Japan’s regional financial institution foyer urges BOJ to give attention to rising prices of easing

By Leika Kihara

TOKYO (Reuters) – Japan’s regional bank lobby on Wednesday called on the central bank to focus on the rising costs of prolonged monetary easing, underlining the challenge for policymakers trying to weather growing risks to the world’s third-biggest economy.

Simmering Sino-U.S. trade tensions and slowing global demand have heightened market expectations the Bank of Japan will maintain its massive stimulus program, with some investors betting its next move could be to ramp up monetary support.

Takashige Shibato, head of the Regional Banks Association of Japan, said the BOJ’s ultra-loose policy likely helped the economy achieve one of the longest uninterrupted post-war expansion.

While various risks are clouding the outlook for Japan’s economy, the BOJ must take into account the dangers of prolonged easing such as the hit to bank profits and dwindling liquidity in the bond market.

“The BOJ said it will achieve 2 percent inflation in two years. But six years have passed” since the implementation of a radical stimulus program, Shibato said.
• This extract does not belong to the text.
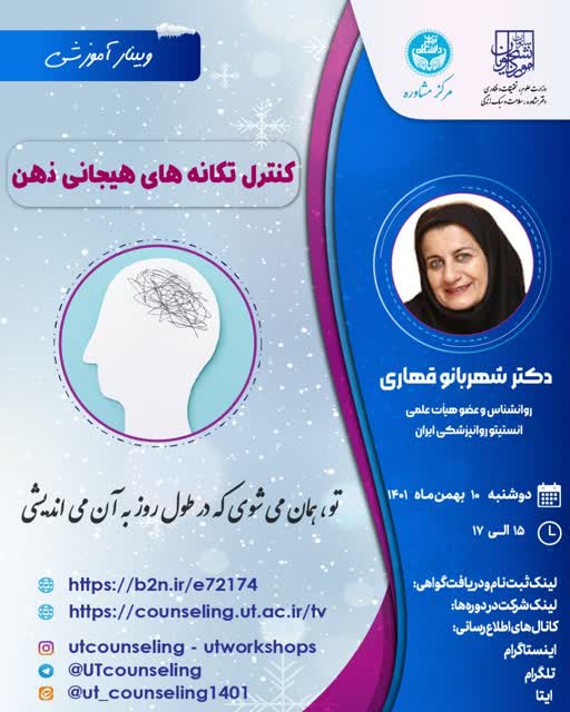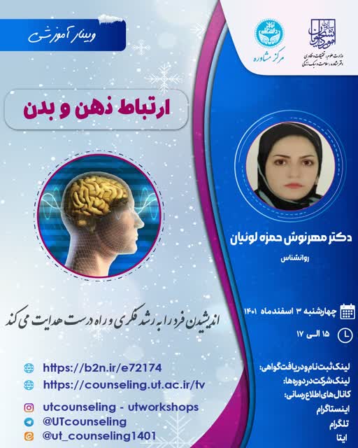 مرکز مشاوره و سبک زندگی دانشگاه اراک با همکاری دفتر مشاوره و سلامت وزارت علوم برگزار می کند:

“The policy has provided sufficient benefits to the economy. On the other hand, various side-effects are emerging in areas like financial intermediation and bond market functions,” he said. “We hope the BOJ takes these into account.”

Shibato also said his lobby was requesting regulators to relax rules to allow commercial banks to expand business operations beyond traditional banking.

The remarks follow complains from Japan’s bank lobby head, who urged the BOJ to tweak its 2 percent inflation target so it can more flexibly whittle down stimulus.

Finance Minister Taro Aso also told parliament on Tuesday the central bank could give itself more flexibility in how it defines its 2 percent inflation target.

The BOJ is caught in a dilemma. Years of heavy stimulus have failed to fire up inflation, forcing the bank to maintain its massive bond buying program despite financial institutions having to endure weak profits from near-zero rates.